:: Raw data ::
[Start of Attachment]
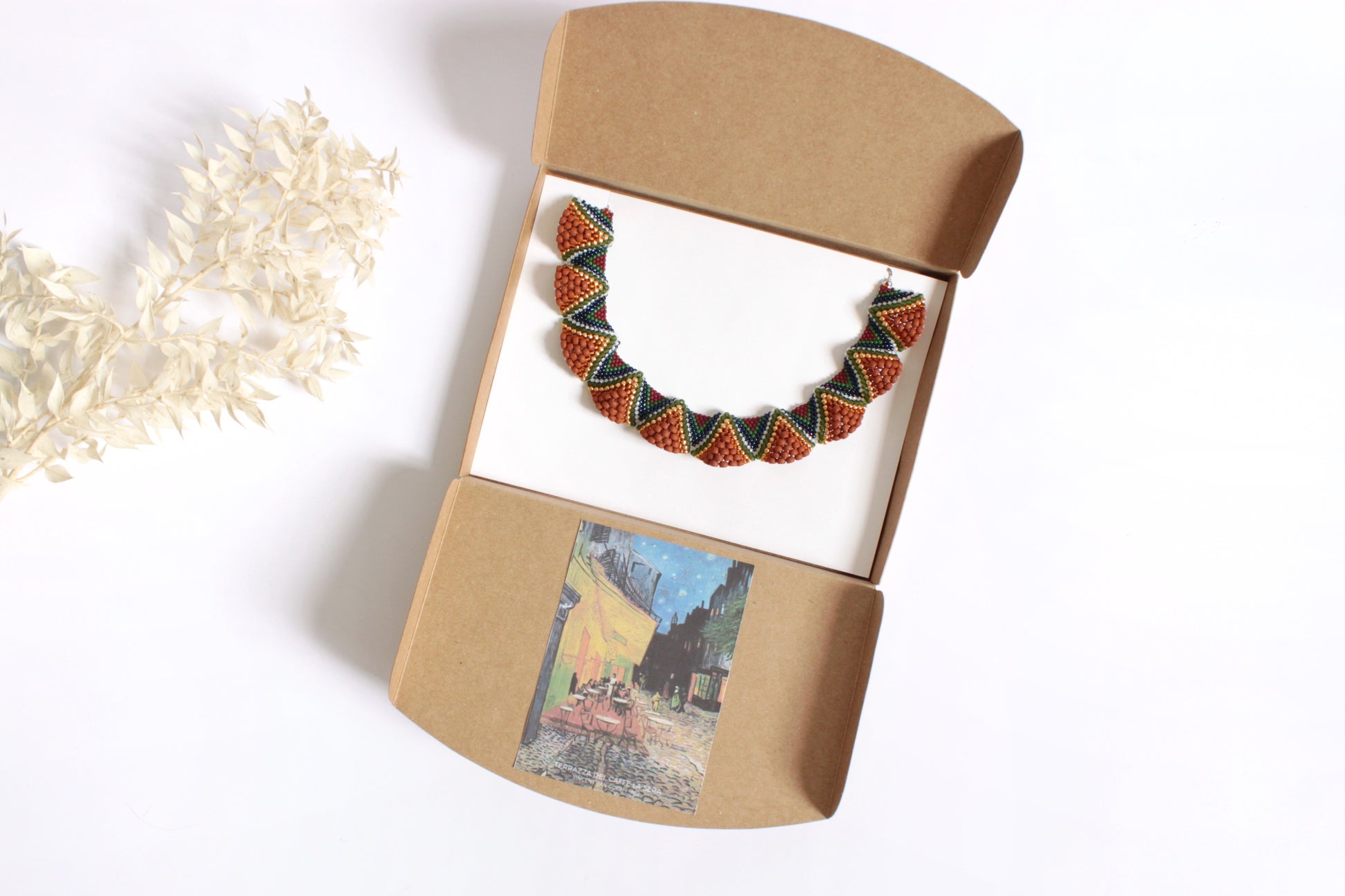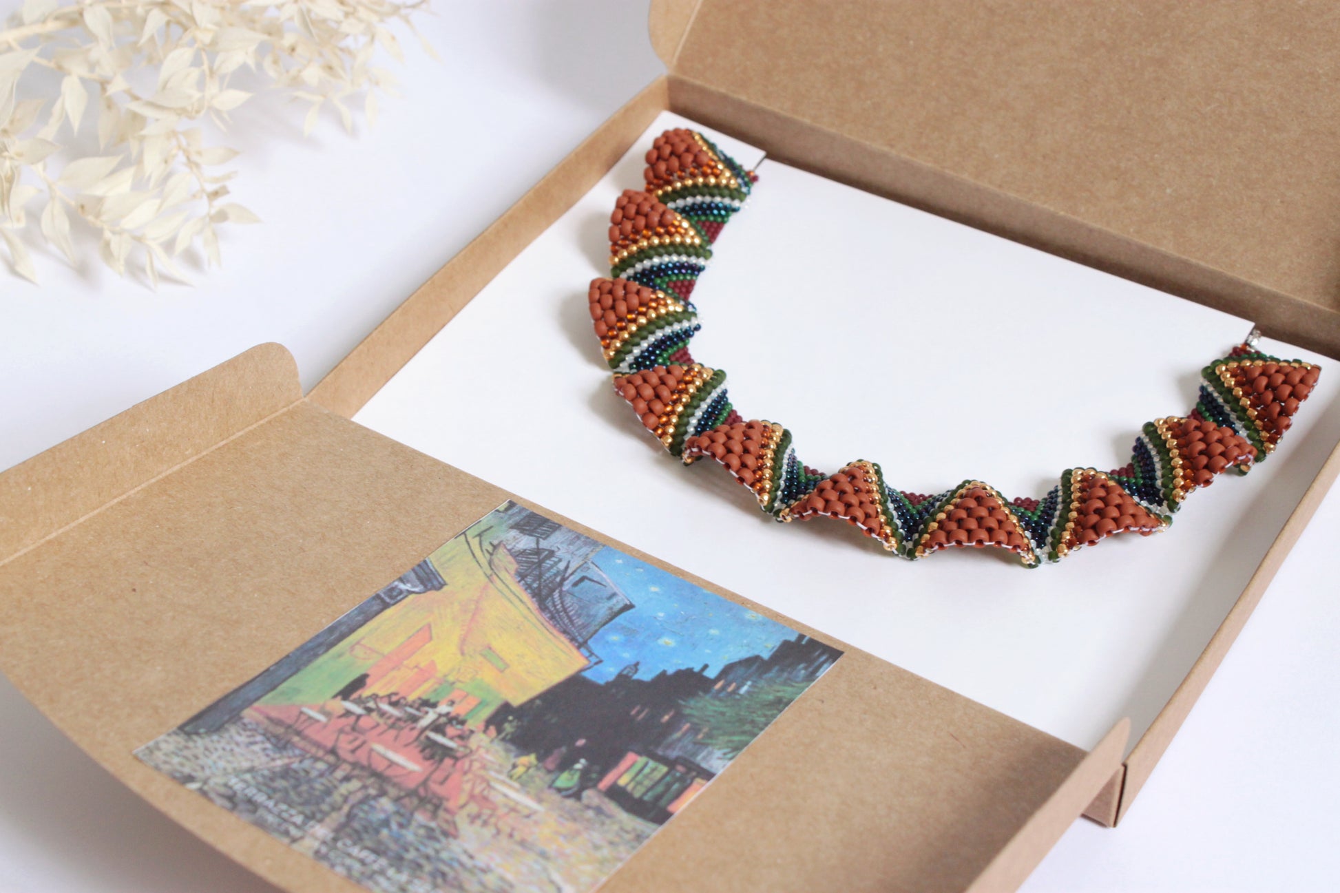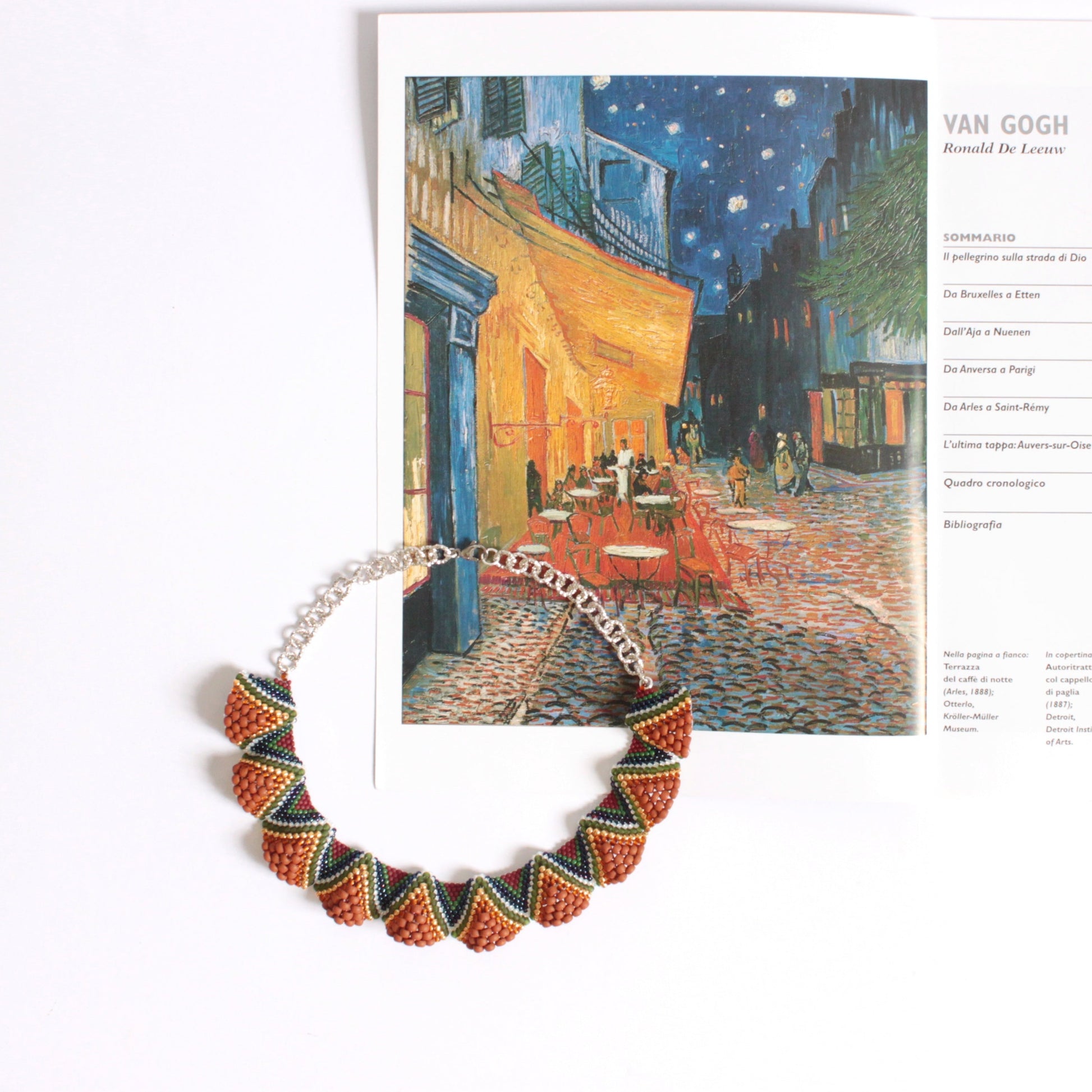 Collana Lenorarte ispirata a "Terrazza del Caffè la Sera" dipinto di Vincent Van Gogh del 1888.
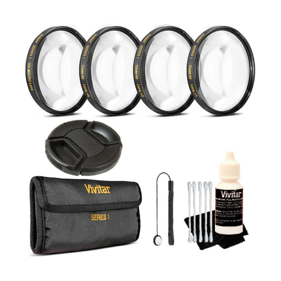 The Vivitar Close-up Macro Lens Set includes a +1, +2, +4 and +10 close up lenses. The high quality optical magnifying lenses are diopter for close up photography, which shorten the close focusing distance of the lens. It allows the lens to go closer to the subject than before and to achieve a larger image scale. Lenses can be used individually or in combination for maximum effect. I.e.+1 & +2 to make +3 effect or +4 & +2 to make +6 effect. Vivitar's pouch for filters is constructed of strong, durable material and is well padded for assuring high quality, scratch free storing. Lens cleaning kit from Vivitar includes 3 types of cleaning tools that can keep optics dust, dirt and smudge free. A microfiber cleaning cloth provides the ability to quickly wipe clean front lens element, filters or viewing screen of camera or smartphone. For small areas where microfiber cloth can't reach, 5 swabs are supplied with each having two absorbent ends on a small plastic handle. A bottle cleaning fluid is also provided when stubborn spots are encountered. Fluid may be applied to microfiber cloth or swabs for advances cleaning.Side pinch lens cap snaps unto lens to protect from scratches, moisture, dirt and fingerprints . Lens cap keeper prevents the loss of lens cap. An adhesive-backed disc secures the lens cap to an elastic leash which wraps around the lens barrel. When lens cap is removed from lens while shooting it hangs out of the way yet secure and within reach for easy retrieval.
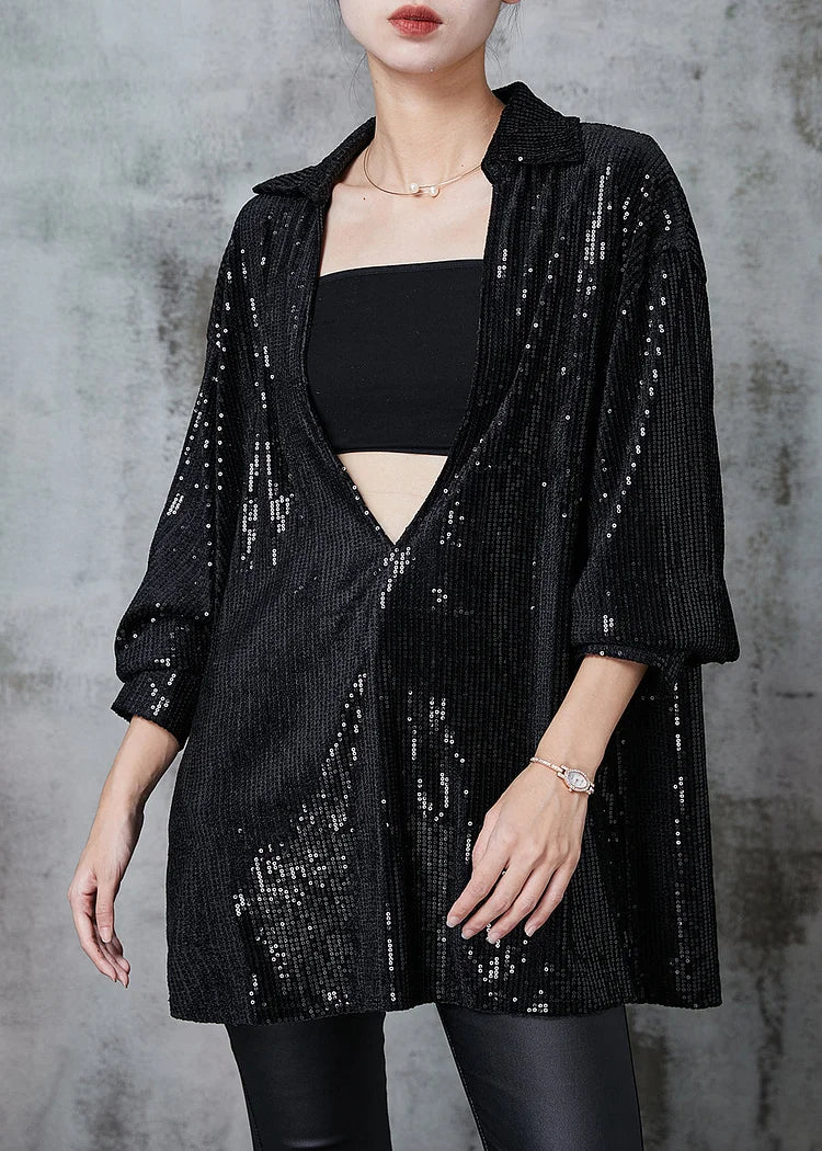 Questa camicia lunga con paillettes nere dona un tocco scintillante e sofisticato al tuo look da party.
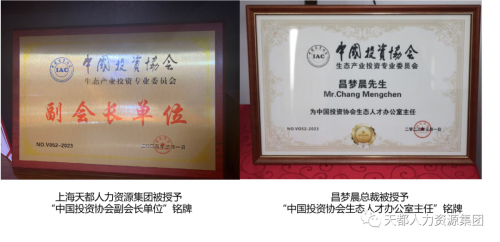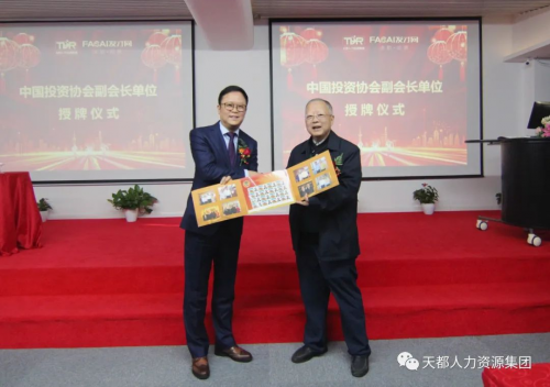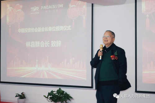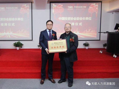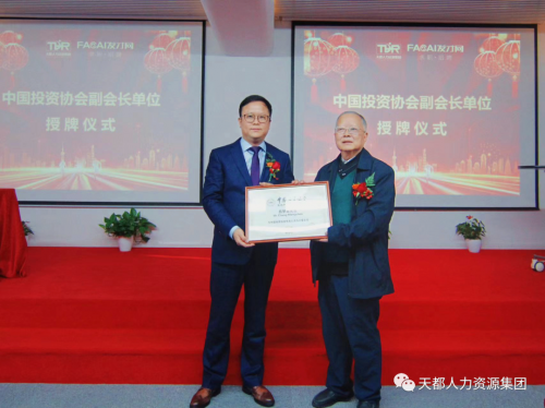 林嘉騋會長為上海天都人力資源集團(tuán)授予“中國投資協(xié)會副會長單位”銘牌
[End of Attachment]
:: Problem requirements ::
Reproduce the material exactly. Pictures stay out.

:: Answer space ::
 Collana Lenorarte ispirata a "Terrazza del Caffè la Sera" dipinto di Vincent Van Gogh del 1888.
 The Vivitar Close-up Macro Lens Set includes a +1, +2, +4 and +10 close up lenses. The high quality optical magnifying lenses are diopter for close up photography, which shorten the close focusing distance of the lens. It allows the lens to go closer to the subject than before and to achieve a larger image scale. Lenses can be used individually or in combination for maximum effect. I.e.+1 & +2 to make +3 effect or +4 & +2 to make +6 effect. Vivitar's pouch for filters is constructed of strong, durable material and is well padded for assuring high quality, scratch free storing. Lens cleaning kit from Vivitar includes 3 types of cleaning tools that can keep optics dust, dirt and smudge free. A microfiber cleaning cloth provides the ability to quickly wipe clean front lens element, filters or viewing screen of camera or smartphone. For small areas where microfiber cloth can't reach, 5 swabs are supplied with each having two absorbent ends on a small plastic handle. A bottle cleaning fluid is also provided when stubborn spots are encountered. Fluid may be applied to microfiber cloth or swabs for advances cleaning.Side pinch lens cap snaps unto lens to protect from scratches, moisture, dirt and fingerprints . Lens cap keeper prevents the loss of lens cap. An adhesive-backed disc secures the lens cap to an elastic leash which wraps around the lens barrel. When lens cap is removed from lens while shooting it hangs out of the way yet secure and within reach for easy retrieval.
 Questa camicia lunga con paillettes nere dona un tocco scintillante e sofisticato al tuo look da party.
 林嘉騋會長為上海天都人力資源集團(tuán)授予“中國投資協(xié)會副會長單位”銘牌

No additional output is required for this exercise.